While ‘xx’ – my favourite album of last year – was born out of the still of night-time, ‘Crooks & Lovers’ is a dawn album. Or more precisely, it’s a walking home at dawn album. It teeters on the edge of one day and the start of another, in-between the club and your bed, living in the blur that separates them. Listening, I am taken back to that feeling of being torn too soon from the dancefloor and, not yet ready to face the sleep that spells re-entry into the everyday world, choosing the long walk home. It’s in this moment the two worlds overlap, echoes of the dancefloor resonating with the sounds of a city readying itself to rise: the burr of a car engine in the distance, the tic-click of bicycle spokes, the deep breathing of a ventilation shaft, the hum of a generator, a feeling of being underwater, a voice that doesn’t sound like my own falling from my lips. And there are many echoes: that tone-setting intro of Tunnelvision; the one that signals the build to the drop, that drop, that sweet sweet drop in Carbonated; the chiming, circling ring of Ruby.

Mount Kimbie are masters of sleight of hand, crafting tracks that slip their fingers through yours to guide you round a corner into some other space. None more so than Ode To Bear. It starts with the sound of sleepy heads, warm limbs and smeary make-up eyed smiles: a lullaby to that waking hour you wish would last forever. Then midway through it stirs – eyes are rubbed, wits are gathered, thoughts turn ahead: there’s still more fun to be had. It comes in the form of Field, the heady culmination of the blood running through the veins of ‘Crooks & Lovers’: anticipation. The whole album bristles with it, like the static electricity set off by brushing past strangers in the street, leaving bubbles of wondering in their wake.

The anticipation spun by Mount Kimbie is not one of hype and high hopes though; it’s more humble than that. It rises and falls in the small things, in the detail. ‘Crooks & Lovers’ is an album that understands growth is gradual: it unfolds sparingly, patiently sketching out a suggestion of a new day. Lines circle, shade and crosshatch delicately. The crafting is careful, considered, subtle. This dreaming is not about excess but about sustainability, because “a dream, going on and on” is only possible if there is something nurturing it, if it cared for.

There’s much about that spirit that chimes with 2010: a growing thoughtfulness; a reawakened appreciation for a sparer aesthetic; a noticing of the tiny stitches holding everything together.
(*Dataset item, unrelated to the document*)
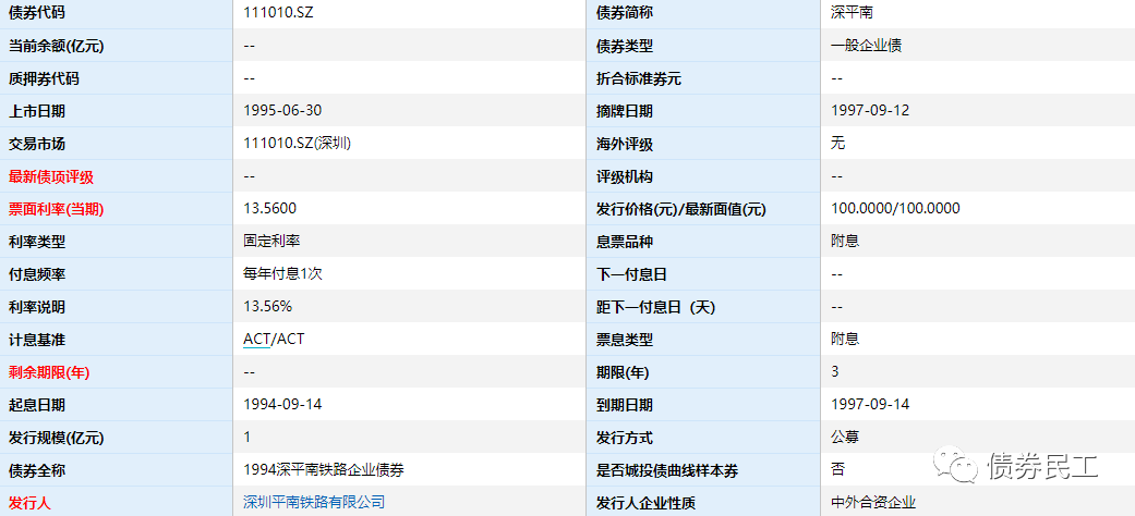 在數據整理的時候,債券民工發現了一只特別的債券“深平南”,發行人是深圳平南鐵路有限公司,發行時間為1994年,發行規模為1億元,債券類型屬于一般企業債,債券募集資金用于建設和經營管理的平南鐵路。

With ‘Crooks & Lovers’, Mount Kimbie have turned the power and promise of Maybes and William into a fully realised, richly evocative, pace-setting debut album. Unlike any of the other albums I’ve loved this year, it slips and slides away from easy categorisation. It lives neither in the past or the future but instead casts gentle new light on the present. Seeing and seeding anticipation in the starkness of the world around us, ‘Crooks & Lovers’ is the album that best reflects this new mood, this reawakened perspective, these in-between times.

In 2011, other debuts will follow – James Blake, SBTRKT and Jai Paul amongst others – that will no doubt take these hallmarks to somewhere else again. For Mount Kimbie, the dawn of this new year will see them back in the studio crafting who knows what but it’s unlikely to be a rehashing. After all, the days are ahead.